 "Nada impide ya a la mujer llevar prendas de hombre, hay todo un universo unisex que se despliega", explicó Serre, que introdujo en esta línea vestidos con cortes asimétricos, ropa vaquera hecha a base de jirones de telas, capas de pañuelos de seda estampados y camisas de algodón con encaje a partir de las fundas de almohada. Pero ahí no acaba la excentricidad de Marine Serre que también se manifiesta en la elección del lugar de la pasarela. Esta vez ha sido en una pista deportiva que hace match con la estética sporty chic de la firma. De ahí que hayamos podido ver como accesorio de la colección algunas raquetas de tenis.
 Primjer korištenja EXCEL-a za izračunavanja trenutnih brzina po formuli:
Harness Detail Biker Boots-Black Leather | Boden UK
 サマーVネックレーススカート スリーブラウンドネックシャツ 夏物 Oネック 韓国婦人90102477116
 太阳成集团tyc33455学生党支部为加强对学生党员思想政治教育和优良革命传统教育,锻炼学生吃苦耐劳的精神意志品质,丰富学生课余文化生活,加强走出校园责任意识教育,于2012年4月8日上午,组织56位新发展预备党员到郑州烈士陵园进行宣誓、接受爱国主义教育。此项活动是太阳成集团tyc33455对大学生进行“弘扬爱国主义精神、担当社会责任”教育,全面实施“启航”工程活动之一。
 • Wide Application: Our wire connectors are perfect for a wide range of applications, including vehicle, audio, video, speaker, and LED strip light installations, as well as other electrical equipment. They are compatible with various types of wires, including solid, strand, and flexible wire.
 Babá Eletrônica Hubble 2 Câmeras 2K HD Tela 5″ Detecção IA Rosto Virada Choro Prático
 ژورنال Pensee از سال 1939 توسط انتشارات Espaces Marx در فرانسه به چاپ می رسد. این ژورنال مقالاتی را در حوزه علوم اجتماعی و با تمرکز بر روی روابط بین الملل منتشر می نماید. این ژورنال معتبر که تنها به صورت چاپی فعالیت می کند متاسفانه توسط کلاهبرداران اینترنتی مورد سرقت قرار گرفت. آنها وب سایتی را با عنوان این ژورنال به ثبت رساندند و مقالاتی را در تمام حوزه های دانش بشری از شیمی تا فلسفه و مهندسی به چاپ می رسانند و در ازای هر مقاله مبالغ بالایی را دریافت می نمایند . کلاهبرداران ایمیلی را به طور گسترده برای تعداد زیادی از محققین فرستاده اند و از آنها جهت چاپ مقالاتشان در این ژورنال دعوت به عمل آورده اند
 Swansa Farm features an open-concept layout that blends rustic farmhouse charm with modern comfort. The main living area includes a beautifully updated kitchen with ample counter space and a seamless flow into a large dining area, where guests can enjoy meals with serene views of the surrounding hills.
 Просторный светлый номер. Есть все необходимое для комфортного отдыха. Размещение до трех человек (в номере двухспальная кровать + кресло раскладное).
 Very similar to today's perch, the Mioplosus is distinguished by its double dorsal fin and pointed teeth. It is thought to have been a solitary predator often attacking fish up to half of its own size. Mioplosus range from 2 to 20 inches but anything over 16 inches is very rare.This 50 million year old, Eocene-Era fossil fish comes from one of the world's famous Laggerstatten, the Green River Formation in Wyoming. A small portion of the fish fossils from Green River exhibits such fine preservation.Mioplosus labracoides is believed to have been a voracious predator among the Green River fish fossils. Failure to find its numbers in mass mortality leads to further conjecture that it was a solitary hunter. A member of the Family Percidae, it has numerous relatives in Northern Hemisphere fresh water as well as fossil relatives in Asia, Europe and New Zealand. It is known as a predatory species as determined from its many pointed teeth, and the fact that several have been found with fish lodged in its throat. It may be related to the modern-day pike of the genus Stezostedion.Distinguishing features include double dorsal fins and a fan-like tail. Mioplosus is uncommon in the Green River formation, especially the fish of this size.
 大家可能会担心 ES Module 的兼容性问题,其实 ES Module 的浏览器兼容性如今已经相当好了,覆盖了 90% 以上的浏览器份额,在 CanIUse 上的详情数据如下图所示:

============

Return, unchanged, the run of lines above that opens with the line containing "Primjer korištenja EXCEL-a" and closes with the line containing "Swansa Farm features". Include both.

§ **ANSWER SPACE**
 Primjer korištenja EXCEL-a za izračunavanja trenutnih brzina po formuli:
Harness Detail Biker Boots-Black Leather | Boden UK
 サマーVネックレーススカート スリーブラウンドネックシャツ 夏物 Oネック 韓国婦人90102477116
 太阳成集团tyc33455学生党支部为加强对学生党员思想政治教育和优良革命传统教育,锻炼学生吃苦耐劳的精神意志品质,丰富学生课余文化生活,加强走出校园责任意识教育,于2012年4月8日上午,组织56位新发展预备党员到郑州烈士陵园进行宣誓、接受爱国主义教育。此项活动是太阳成集团tyc33455对大学生进行“弘扬爱国主义精神、担当社会责任”教育,全面实施“启航”工程活动之一。
 • Wide Application: Our wire connectors are perfect for a wide range of applications, including vehicle, audio, video, speaker, and LED strip light installations, as well as other electrical equipment. They are compatible with various types of wires, including solid, strand, and flexible wire.
 Babá Eletrônica Hubble 2 Câmeras 2K HD Tela 5″ Detecção IA Rosto Virada Choro Prático
 ژورنال Pensee از سال 1939 توسط انتشارات Espaces Marx در فرانسه به چاپ می رسد. این ژورنال مقالاتی را در حوزه علوم اجتماعی و با تمرکز بر روی روابط بین الملل منتشر می نماید. این ژورنال معتبر که تنها به صورت چاپی فعالیت می کند متاسفانه توسط کلاهبرداران اینترنتی مورد سرقت قرار گرفت. آنها وب سایتی را با عنوان این ژورنال به ثبت رساندند و مقالاتی را در تمام حوزه های دانش بشری از شیمی تا فلسفه و مهندسی به چاپ می رسانند و در ازای هر مقاله مبالغ بالایی را دریافت می نمایند . کلاهبرداران ایمیلی را به طور گسترده برای تعداد زیادی از محققین فرستاده اند و از آنها جهت چاپ مقالاتشان در این ژورنال دعوت به عمل آورده اند
 Swansa Farm features an open-concept layout that blends rustic farmhouse charm with modern comfort. The main living area includes a beautifully updated kitchen with ample counter space and a seamless flow into a large dining area, where guests can enjoy meals with serene views of the surrounding hills.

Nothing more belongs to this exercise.